#### Data provided ####
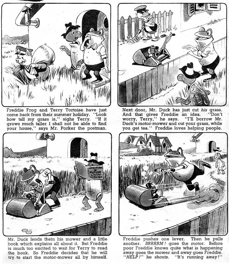 A far more durable collaboration took off around the same time when Lupatelli started working for the British publisher Fleetway, most likely also through D'Ami. Fleetway published various children's magazines, including Playhour and Jack and Jill.Lupatelli was one of several artists who created illustrations and text comics about children, cute animals and fairy tale characters for these publications, including Sergio Asteriti, Jim Turnbull, Peter Woolcock and Gordon Hutchings. Asteriti worked as Lupatelli's assistant. Two of the comic series he worked on were 'The Funny Tales of Freddie Frog', starring a character originally created by Peter Woolcock, and 'Fun in Toyland'. He contributed to the magazines' annual books, for which he most notably drew 'Little Sooty', a boy who is half human, half scooter, from scripts by D'Ami. In 1961 Lupatelli also illustrated 'Moony of the Moon' for the Harold Hare annuals, which told the adventures of an extraterrestrial Moon creature who now tried to live on Earth among his human friends. The feature was later drawn by British artist John Donnely.
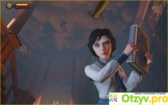 Конечно как и раньше весь сюжет завязан на науке и родственных отношениях (точнее трагедии), и конечно сюжет интересен очень, но и ему немного чего то не хватает (логики в конце хотя бы). И конечно тянет эту игру очень сильно Элизабет (что, кстати, тоже не обычно для биошока, напарник), умная, сочувственная и очень оптимистичная. Но впечатление от нее ближе к концу заметно ухудшается (слишком уж быстро она стала совсем противоположной себе, злой и циничной, и уже не вызывала той симпатии и сочувствия).
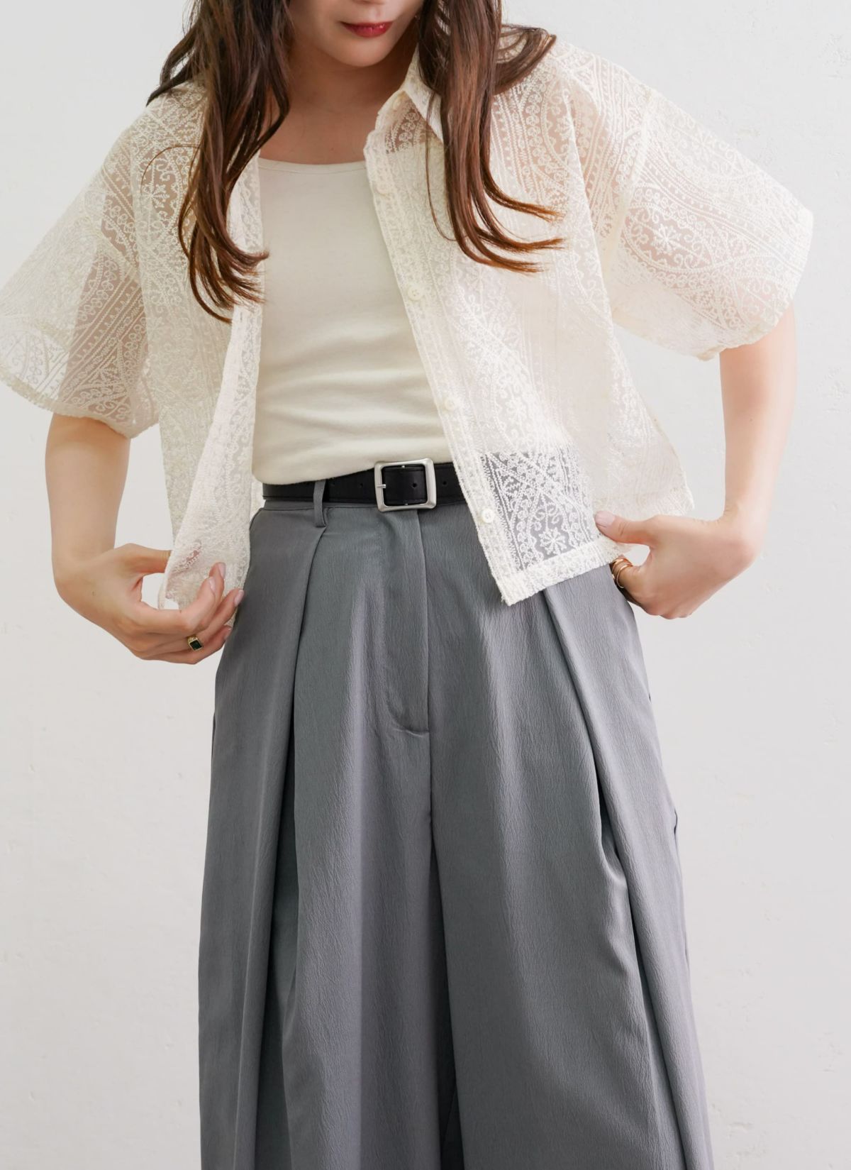 revoam【一枚で大人フェミニンを演出するレースシャツ】 レースハーフスリーブシャツ
####
» **Aim of the exercise**
The task requires the full listing to be given again verbatim, without its pictures.

» **Output**
 A far more durable collaboration took off around the same time when Lupatelli started working for the British publisher Fleetway, most likely also through D'Ami. Fleetway published various children's magazines, including Playhour and Jack and Jill.Lupatelli was one of several artists who created illustrations and text comics about children, cute animals and fairy tale characters for these publications, including Sergio Asteriti, Jim Turnbull, Peter Woolcock and Gordon Hutchings. Asteriti worked as Lupatelli's assistant. Two of the comic series he worked on were 'The Funny Tales of Freddie Frog', starring a character originally created by Peter Woolcock, and 'Fun in Toyland'. He contributed to the magazines' annual books, for which he most notably drew 'Little Sooty', a boy who is half human, half scooter, from scripts by D'Ami. In 1961 Lupatelli also illustrated 'Moony of the Moon' for the Harold Hare annuals, which told the adventures of an extraterrestrial Moon creature who now tried to live on Earth among his human friends. The feature was later drawn by British artist John Donnely.
 Конечно как и раньше весь сюжет завязан на науке и родственных отношениях (точнее трагедии), и конечно сюжет интересен очень, но и ему немного чего то не хватает (логики в конце хотя бы). И конечно тянет эту игру очень сильно Элизабет (что, кстати, тоже не обычно для биошока, напарник), умная, сочувственная и очень оптимистичная. Но впечатление от нее ближе к концу заметно ухудшается (слишком уж быстро она стала совсем противоположной себе, злой и циничной, и уже не вызывала той симпатии и сочувствия).
 revoam【一枚で大人フェミニンを演出するレースシャツ】 レースハーフスリーブシャツ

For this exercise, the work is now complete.